The Sudanese government’s objection to the conference being held without its participation represents a key point in understanding the nature of this international movement. The issue raises a fundamental question: can the crisis of a sovereign state be managed in isolation from its institutions? Or does this open the door to a precedent that reproduces models of guardianship under new titles?
In this context, a recurring pattern appears in the behavior of some international actors, relying on the use of the humanitarian file as an entry point to reshape political balances. Aid, which is supposed to be a moral obligation, becomes implicitly tied to engagement in specific political tracks, turning relief into a tool of pressure and placing national decision-making before a harsh equation: compliance or isolation.

The matter does not stop at politicization; it extends to what can be described as “coercive mediation,” where initiatives are presented as the only possible path, while national initiatives are overlooked.
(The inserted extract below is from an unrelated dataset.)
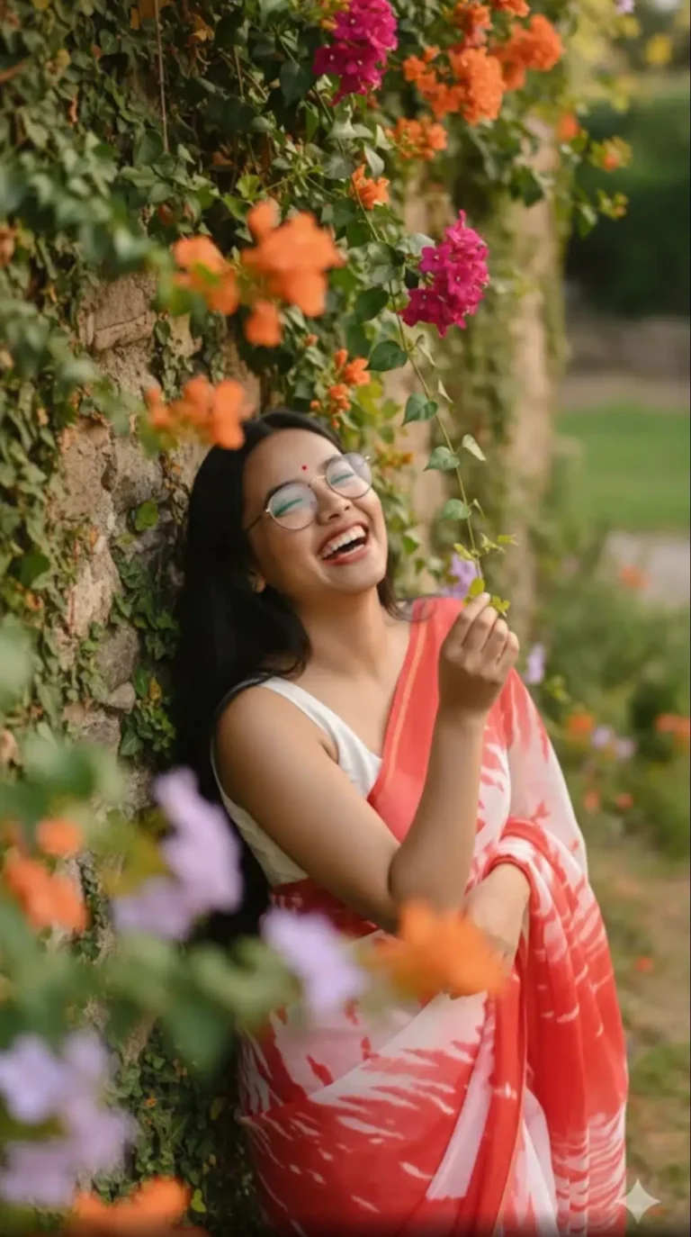 Hyper-realistic overhead 9:16 close-up of myself with glasses, playfully leaning against an ivy-covered stone wall of an old countryside cottage during golden hour. I’m laughing with my head slightly tilted back, one hand brushing away a dangling vine, wearing a textured earth-tone knit sweater layered over a soft white t-shirt. The flowering vines are in full bloom with orange, magenta, and lavender hues, softly blurred in the foreground. Warm, cinematic lighting with a pastel sky glow ultra-detailed textures, and natural skin tones in sharp focus, captured in 8K.
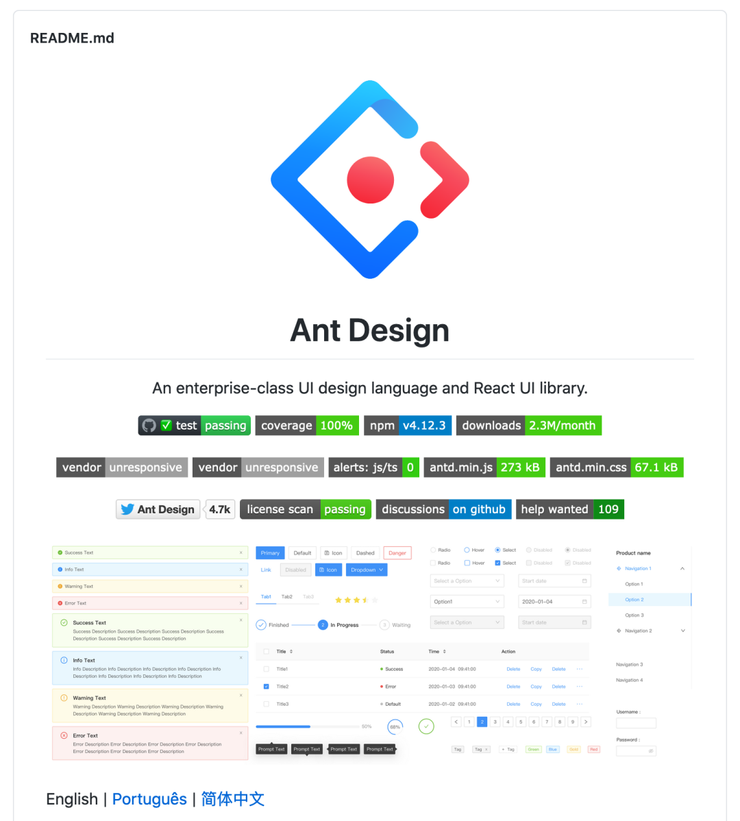 再往下看,一个好的项目的 README.md(项目描述)文件通常会更清晰和完善,比如 Ant Design 提供了多种语言的文档:

This unspoken exclusion reflects a structural bias in the design of the political process and raises legitimate questions about the neutrality of international platforms and their ability to produce sustainable solutions.

As for the civilian track, which is supposed to grant the conference societal legitimacy, it too appears governed by considerations of political selection, where certain groups are represented over others in a process closer to reshaping the “civilian voice” in line with international vision rather than real balances within Sudan. This threatens to transform civil society from a national mediator into a tool within external equations.

Deconstructing the humanitarian discourse surrounding the conference reveals a clear gap between statements and commitments, as warnings of the “worst humanitarian crisis in the world” are repeated while funding remains below required levels according to UN reports. This confirms that the tragedy is used more in rhetoric than addressed on the ground.

Perhaps the most dangerous aspect of this trajectory is the attempt to recycle certain political forces accused of igniting the war through a failed coup attempt, by integrating them into peace arrangements without real accountability. This approach, based on “political normalization” with unaccountable actors, threatens the prospects of achieving justice and risks reproducing the crisis in a new form.

According to Face of Truth, the Berlin conference represents a test of the relationship between relief and politics, between humanitarian considerations and the requirements of sovereignty, and between the pursuit of ending the war and the risk of reproducing it through new tools. This test does not stop at the conference’s path, but extends to the ability of Sudanese themselves to reclaim the initiative, transforming their suffering from a file managed externally into a cause resolved internally, through a national consensus that redefines the meaning of a solution before searching for its tools.

Wishing you continued health and well-being.